CONCLUSIONS: The salivary microbiome of individuals with OFG and CD was similar to that found in health, although the proportions of S. salivarius, a common oral Streptococcus, were raised. One specific strain-level oligotype was found to be primarily responsible for the increased levels seen.

INTRODUCTION

Orofacial granulomatosis (OFG) is a rare chronic disease characterized by lip swelling and oral inflammation. The term was originally used to describe oral signs clinically and histologically resembling Crohn’s disease (CD) in patients with no apparent disease elsewhere in the gastrointestinal tract.[1] Crohn’s disease is a chronic, granulomatous, inflammatory condition that can affect any part of the gastrointestinal tract but most commonly occurs in the terminal ileum. As the mouth is continuous with the gastrointestinal tract and can be affected by granulomatous inflammation, the term “oral CD” has also been used to describe patients with granulomatous inflammation of the oral cavity.

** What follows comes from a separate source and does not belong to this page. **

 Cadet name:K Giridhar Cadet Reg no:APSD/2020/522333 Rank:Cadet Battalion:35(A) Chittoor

In addition, although a majority of patients with OFG without gut symptoms have been shown to have microscopic intestinal granulomata, only a relatively small proportion develop gut CD.[2, 3] Because it is a rare disorder, the reported geographical distribution of OFG may be skewed by differences in disease classification and reporting. Notwithstanding this, the majority of cases have been reported in the United Kingdom—particularly Scotland—and OFG seems to occur in greater frequency with concurrent CD in Northern Europe as compared with the South.[4] Males and females seem to be affected equally, with the median age of disease onset being 23 years.[2]

The clinical features of OFG include recurrent lip swelling and oral ulceration. Persistent inflammation can result in disfiguring fibrotic disease which, in some cases, causes permanent lip swelling refractory to medical therapy that requires debulking surgery. Other features include gingival erythema,[5] mucosal tags, and “cobblestoning” caused by buccal oedema.[6] Being facially disfiguring, the disease carries a significant psychological burden for affected individuals.[7]

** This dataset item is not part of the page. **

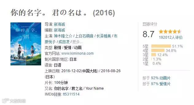 豆瓣评分也已达到了8.7分,好于92%的动画片。
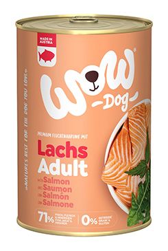 WOW Losos s paradajkami je kompletné mokré krmivo pre dospelé psy všetkých plemien so 71% obsahom mäsa a vnútorností od popredného rakúskeho výrobcu.

The underlying cause of OFG remains unknown, but it is likely to have a multifactorial aetiology. Patients with OFG have a high incidence of atopy compared with the general population,[8, 9] and dietary antigens including cinnamon and benzoate compounds may trigger disease exacerbations. Excluding these antigens from the diet has been found to be effective in controlling OFG in up to 25% of individuals and is the first line of intervention in management.[10, 11] Immunohistochemistical analysis of oral biopsies from patients with active OFG identified a novel population of subepithelial dendritic B cells that expressed IgE,[12] supporting the concept that an antigen may trigger an immediate hypersensitivity reaction.

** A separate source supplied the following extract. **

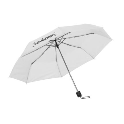 Ø 98 cm. 8 gajos. Ancho gajo 37 cm. Largo cerrado 24 cm. Largo abierto 54 cm. Poliéster, metal y plástico. Paraguas APERTURA Y CIERRE MANUAL. Eje y varillas metálicas. Mango de plástico negro con correa cordón color negro. Cierre con correa de velcro.

Other granulomatous diseases such as sarcoidosis or tuberculosis are known to result from infection by specific microorganisms. It has been suggested that Mycobacterium avium s.s. paratuberculosis (MAP) might play a similar role in CD but has yet to be definitively proven.[13, 14] Raised levels of antibodies against a mycobacterial stress protein have been found in patients with OFG,[15] but MAP has not been detected in OFG lesions.[16, 17] The spirochete Borrelia burgdorferi has also been implicated in OFG based on raised antibody levels to the organism and apparent treatment success with penicillin,[18, 19] but this finding was not confirmed in a later study.[20]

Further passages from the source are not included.